Hello higher hotel taxes, goodbye convention center expansion?
That’s the question I have reading about Mayor Thomas M. Menino’s push to boost Boston’s already high hotel room tax even higher.
These are desperate times and there may simply be no other way to raise the kind of cash needed to spare the city from massive cuts.
The mayor has proposed a 2 percent bump in the tax rate on city hotel rooms, up to 14.45 percent.
But in doing so, city officials are also tapping a financing mechanism, one that some in the local hotel and convention industry have come to view as the property of the city’s sprawling meeting complex in South Boston.
An earlier increase to the hotel tax played a key role in helping finance the new, $800 million-plus Boston Convention and Exhibition Center.
And with talk about a major expansion of the hall brewing, some in the local convention industry were clearly hoping to go back to that well again when the time came for adding onto the center.
But that idea just got a lot harder.

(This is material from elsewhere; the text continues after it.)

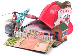 on y joint un hélicoptère de fabrication chinoise (état 'E' - longueur 35 cm - moteur à clef fonctionne - parties cassées & manquantes) & un casque de pompiers 'TEXACO FIRE CHIEF' avec micro (système à piles non testé)

It is one thing to boost the hotel tax to 14.45 percent, but it will surely be that much harder to boost it again to 16 or 17 percent to pay for a grand new addition to Boston’s new meeting hub.
That could very well meet some stiff political resistance.
In percent terms Boston does not have the highest city hotel tax in the country.
However, given our high hotel rates, in pure dollar terms, the amount hotel guests will be paying ranks right up there.
We are now looking at nearly $30 a night in taxes on a $200 room.
That’s real money and it could make raising it higher for a convention center expansion that much harder.